I have been busy with mathematics and home improvement for weeks now, with little time for hiking. I did manage to join Ron Gould and Catherine O'Riley for explorations in Green Valley, two weeks ago, and find myself embarassed to report that my understanding of the ditches and mines in that remarkable area was seriously flawed.
Green Valley is on the main North Fork, about a mile down from Euchre Bar, and a mile up from Giant Gap. The canyon runs about 2400 feet deep here, but is mostly notable for its unusual width. This width can be ascribed to the weak serpentine of the Melones Fault Zone, in a linear mass trending north and south, athwart the canyon. And this width has allowed great masses of young Pleistocene (Ice Age) sediments to accumulate on both sides of the river. The sediments contain gold; and there is many a mine in Green Valley.
To work these mines, sometimes set well away from the river, water was needed, and ditches were dug. There are many mines and many ditches. At the east end of Green Valley, a ledge was blasted from steep cliffs to support a wooden flume, over a part of the course of the Green Valley Blue Gravel Mine ditch. This ditch took its water from the North Fork itself, well upstream from Euchre Bar. It crossed the river between Euchre Bar and Green Valley, in the lovely gorge there, on a trestle stated, in 1876, to be 139 feet high.
So far so good. But I took it into my mind many years ago that one certain ditch, often horribly overgrown with ancient brush, and which traverses Green Valley from the east to the west, was this same GVBGM ditch. And, since this ditch did lead to the westernmost part of Green Valley, near the Pyramid, where a large hydraulic mine flanks the river, I assumed that this was the GVBGM.
I even stubbornly misread the old newspaper articles to force them to agree with this fixed idea. But as Ron and Catherine and I forced our way east on what I had always thought to be this GVBGM ditch, and passed the center of Green Valley, into the eastern region, we kept on expecting to find traces of Ron's earlier path, from last year, when he blazed a trail along the GVBGM ditch from the east, going west.

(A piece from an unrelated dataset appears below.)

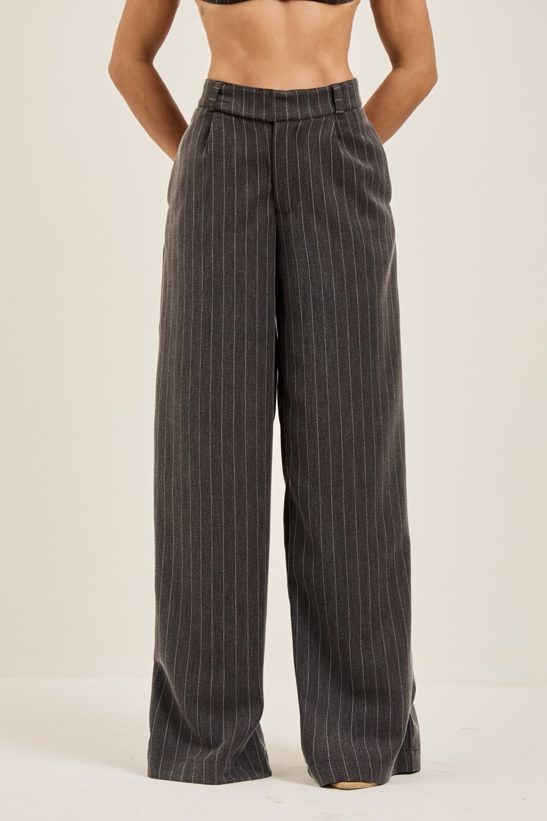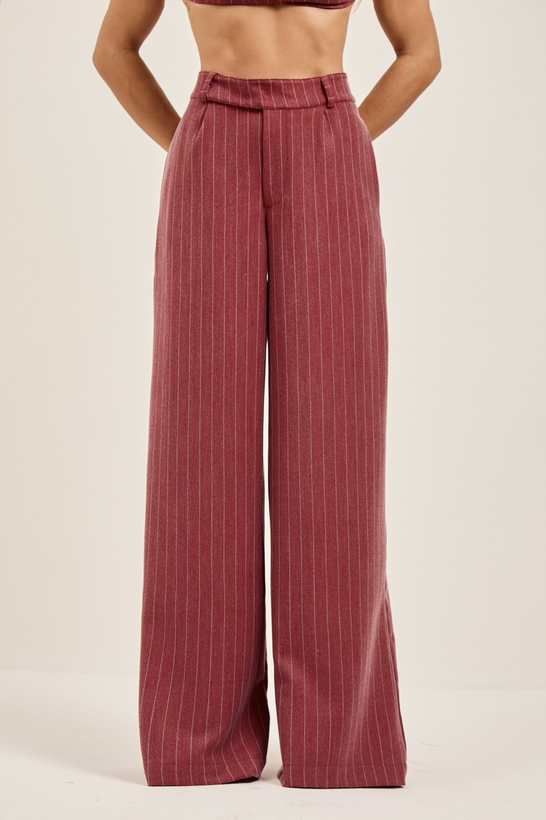 Conjunto Top e Calça risca de giz com calça reta em alfaiataria, com pregas e bolsos laterais. Top com regulagem na alça e regulagem na parte de trás para ajustar ao corpo, forrado.

I was in the lead, and found some cut branches. "Here it is!" I exclaimed. "Here's the spot you reached last year!"
Ron arrived, and said he didn't recall ever seeing this part of the ditch. Yet someone had worked hard on clearing the brush. In a few yards we had the answer, as a vast area of garbage came into view, the remains of a marijuana growers' camp. It may have been in use last summer. A couple hundred yards farther along this same high ditch, another, similar camp befouled the landscape.
I would guess that something like many dozens of backpack loads would be required to remove the garbage from these two sites. These are new to me; there are several other garbage sites in Green Valley, closer to the river, which I had hoped to clean up this year if possible. Now the task seems insurmountable.
Ron astutely realized we were far to high above the river to be on the line of the ditch-cut-into-the-cliffs-at-the-east-end, which is certainly the GVBGM ditch. Hence the true GVBGM ditch must be below us. We followed a faint trail down through meadowy areas hemmed around by brush, where a fascinating accumulation of large boulders of rhyolite volcanic ash is found. These boulders are no part of the Pleistocene glacial outwash sediments in Green Valley, but suggest something like a landslide deposit, originating up on the canyon rim, where the "Valley Springs" rhyolite ash beds have their proper place. The landslide might have happened a hundred thousand years ago; the boulders are deeply weathered to a brownish color, rather than the raw creamy white one sees in roadcuts, etc. (for instance, see the railroad cuts a few hundred yards east of Alta, for an excellent exposure of this Valley Springs rhyolite ash).
So. We dropped down through the meadows and found the *true* GVBGM ditch, fully 150 feet in elevation below the higher ditch. I should have realized the high ditch was way too high. At any rate, we followed the GVBGM ditch west, and found that it ended near the center of Green Valley, in a tiny reservoir, from which its water was disbursed to the mine itself, down below us and out of sight.
Thus, in accord with the old newspaper articles which I had so strenuously misread for so long, the GVBGM is in the center of Green Valley, not at the west end.
We then explored some old trails in the area, including one I call the High East Trail, which was always hard to follow, even back in 1976, and now is badly covered in brush, towards the east end of Green Valley. We scouted around without success for its continuation east, then turned west, where it is relatively open, and followed it back to its junction with the main East Trail, near Joe Steiner's grave.
Then it was a long slog up the long trail. Another fine fine day in the North Fork canyon, one in which, strangely, we never reached to river itself, but wandered through vast areas of brush, rife with old trails and old ditches and new marijuana growers' camps.
I wish they'd just legalize the stuff. We'd have no more of these obscene garbage dumps.
On another front, I hear that quite a crowd of dirt bikers rode the Euchre Bar Trail last weekend, and tore it up a bit. It might be that Tahoe National Forest needs better signs indicating the OHV closure on that trail.